INFO:lightning:Using native 16bit precision.
initializing ddp: GLOBAL_RANK: 1, MEMBER: 2/2
INFO:lightning:initializing ddp: GLOBAL_RANK: 1, MEMBER: 2/2
lo-s4-039:21587:21587 [0] NCCL INFO Bootstrap : Using [0]fabric:10.204.67.89<0> [1]enp129s0f0:10.204.3.89<0>
lo-s4-039:21587:21587 [0] NCCL INFO NET/Plugin : No plugin found (libnccl-net.so).
libibverbs: Warning: couldn't open config directory '/etc/libibverbs.d'.
libibverbs: Warning: no userspace device-specific driver found for /sys/class/infiniband_verbs/uverbs1
libibverbs: Warning: no userspace device-specific driver found for /sys/class/infiniband_verbs/uverbs0
lo-s4-039:21587:21587 [0] NCCL INFO NET/IB : No device found.
lo-s4-039:21587:21587 [0] NCCL INFO NET/Socket : Using [0]fabric:10.204.67.89<0> [1]enp129s0f0:10.204.3.89<0>
NCCL version 2.4.8+cuda10.1
lo-s4-039:21614:21614 [1] NCCL INFO Bootstrap : Using [0]fabric:10.204.67.89<0> [1]enp129s0f0:10.204.3.89<0>
lo-s4-039:21614:21614 [1] NCCL INFO NET/Plugin : No plugin found (libnccl-net.so).

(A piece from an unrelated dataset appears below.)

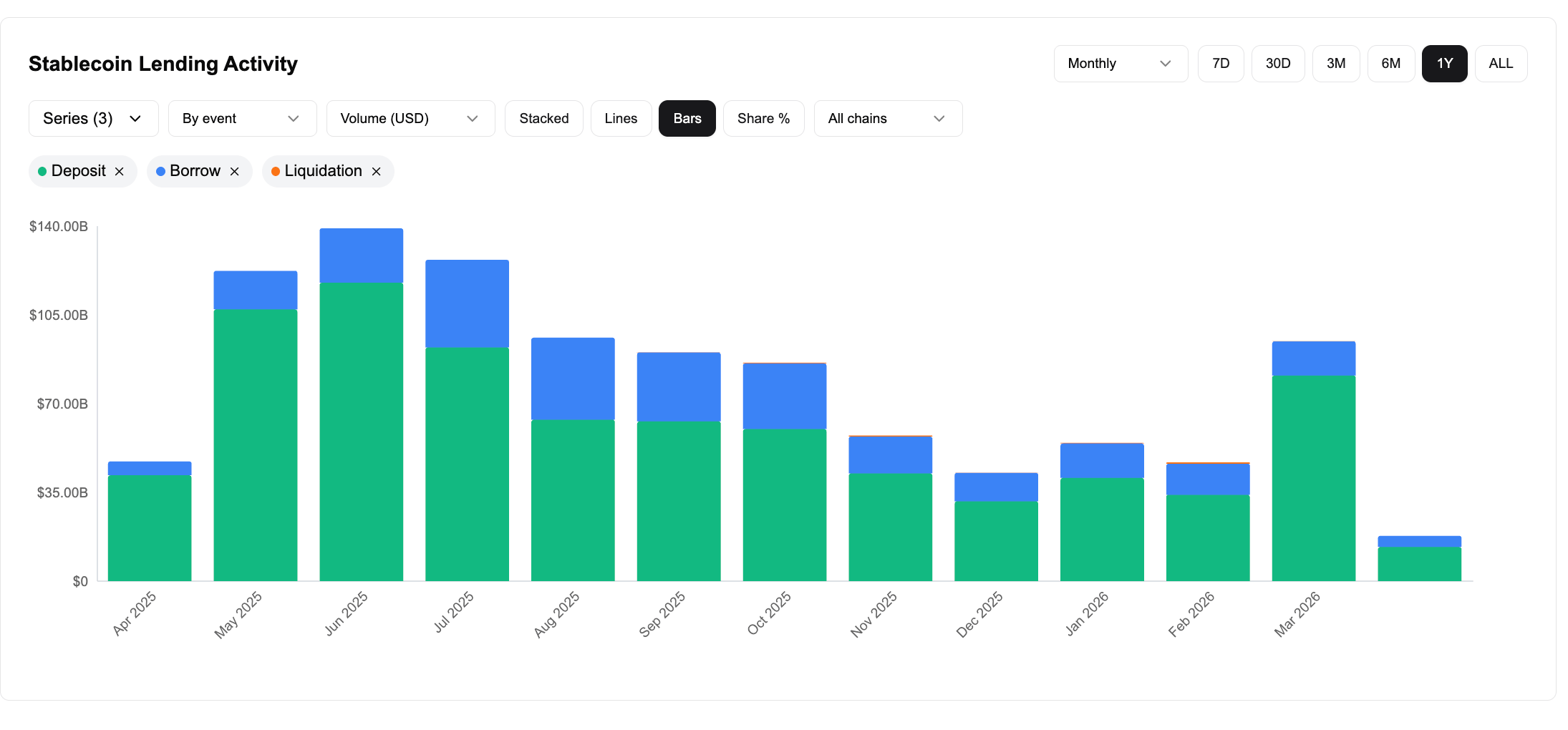 Lending & Payments: The Dashboard tracks the active deployment and utility of stablecoin capital. This includes measuring DeFi lending and credit dynamics spanning deposit, borrow, and liquidation volumes across Aave and Morpho, which collectively processed over $100B in stablecoin deposits in March 2026. For payments, we monitor active commercial entities and transaction volumes across fintechs and cross-border payment protocols to quantify real-world adoption.

libibverbs: Warning: couldn't open config directory '/etc/libibverbs.d'.
libibverbs: Warning: no userspace device-specific driver found for /sys/class/infiniband_verbs/uverbs1
libibverbs: Warning: no userspace device-specific driver found for /sys/class/infiniband_verbs/uverbs0
lo-s4-039:21614:21614 [1] NCCL INFO NET/IB : No device found.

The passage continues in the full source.